COLLECTED MATERIAL:
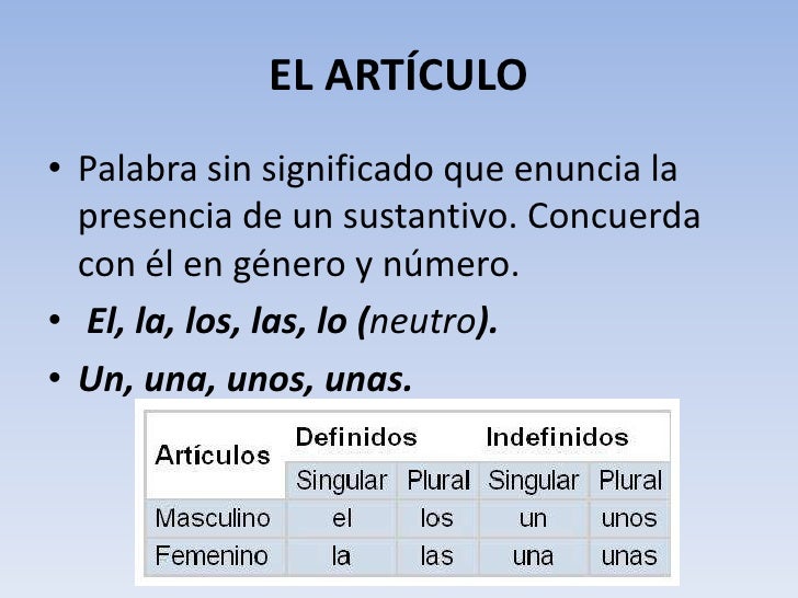 4.   4. EL ARTÍCULO• Palabra sin significado que enuncia la presencia de un sustantivo. Concuerda con él en género y número.• El, la, los, las, lo (neutro).• Un, una, unos, unas.
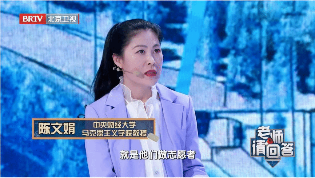 《老师请回答》是一档由中共北京市委教育工作委员会、北京市教育委员会指导,北京电视台卫视节目中心集结了最强团队研发制作,倾全力打造的全新样态的教育类节目。本期特别节目以冬奥志愿者为主题,据悉,冬奥会、冬残奥会期间,北京教育系统约有2.33万人投身各项服务保障工作,其中志愿者约1.4万人,来自68所高校。我校共有323名师生志愿者,他们在“国门第一岗”首都国际机场服务涉奥人员的抵离保障和交通保障。陈文娟教授此次做客《老师请回答》特别节日,展现了我校思政教师的风采,产生了积极的影响。
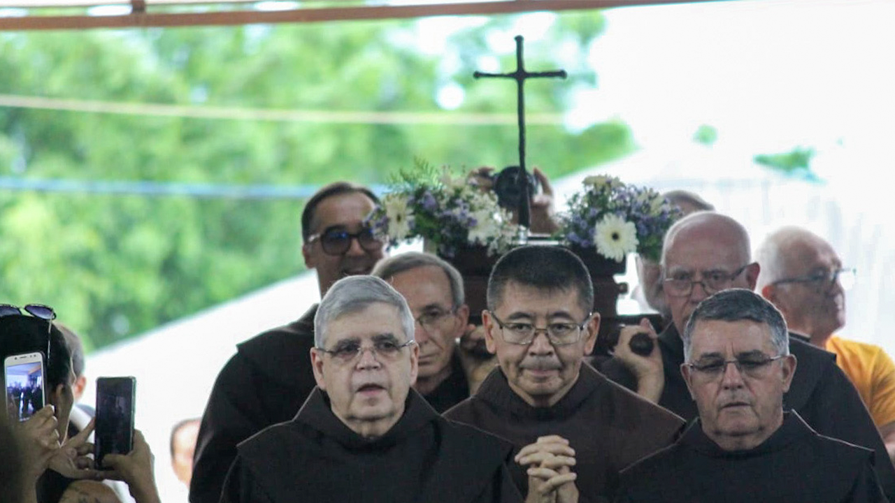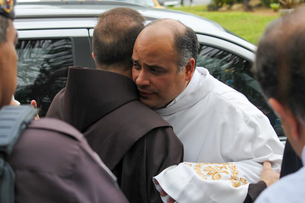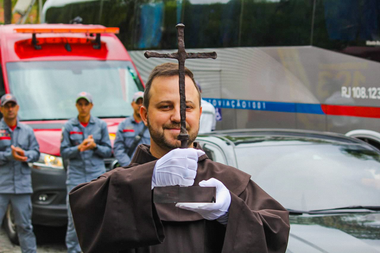 Frei Diego prestou ainda uma homenagem emocionada ao Padre Omar, responsável por trazer a cruz ao Brasil, que mesmo enfrentando o luto recente pela perda do pai, manteve sua missão, tornando-se exemplo de fé e resiliência.
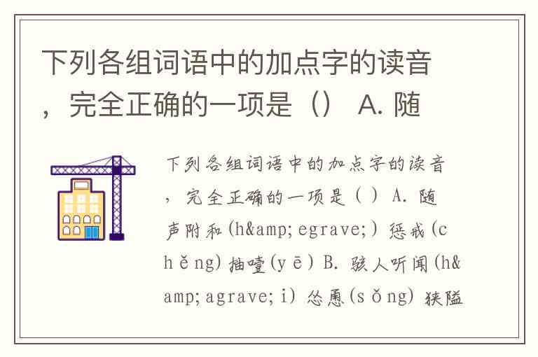 要判断加点字读音完全正确的一项,需逐一核对各选项中易错字的读音:

TASK DIRECTIONS: Only those lines from the one containing "Frei Diego prestou" to the end of the material above, retyped exactly and without pictures, belong in your reply.

WRITTEN REPLY:
 Frei Diego prestou ainda uma homenagem emocionada ao Padre Omar, responsável por trazer a cruz ao Brasil, que mesmo enfrentando o luto recente pela perda do pai, manteve sua missão, tornando-se exemplo de fé e resiliência.
 要判断加点字读音完全正确的一项,需逐一核对各选项中易错字的读音:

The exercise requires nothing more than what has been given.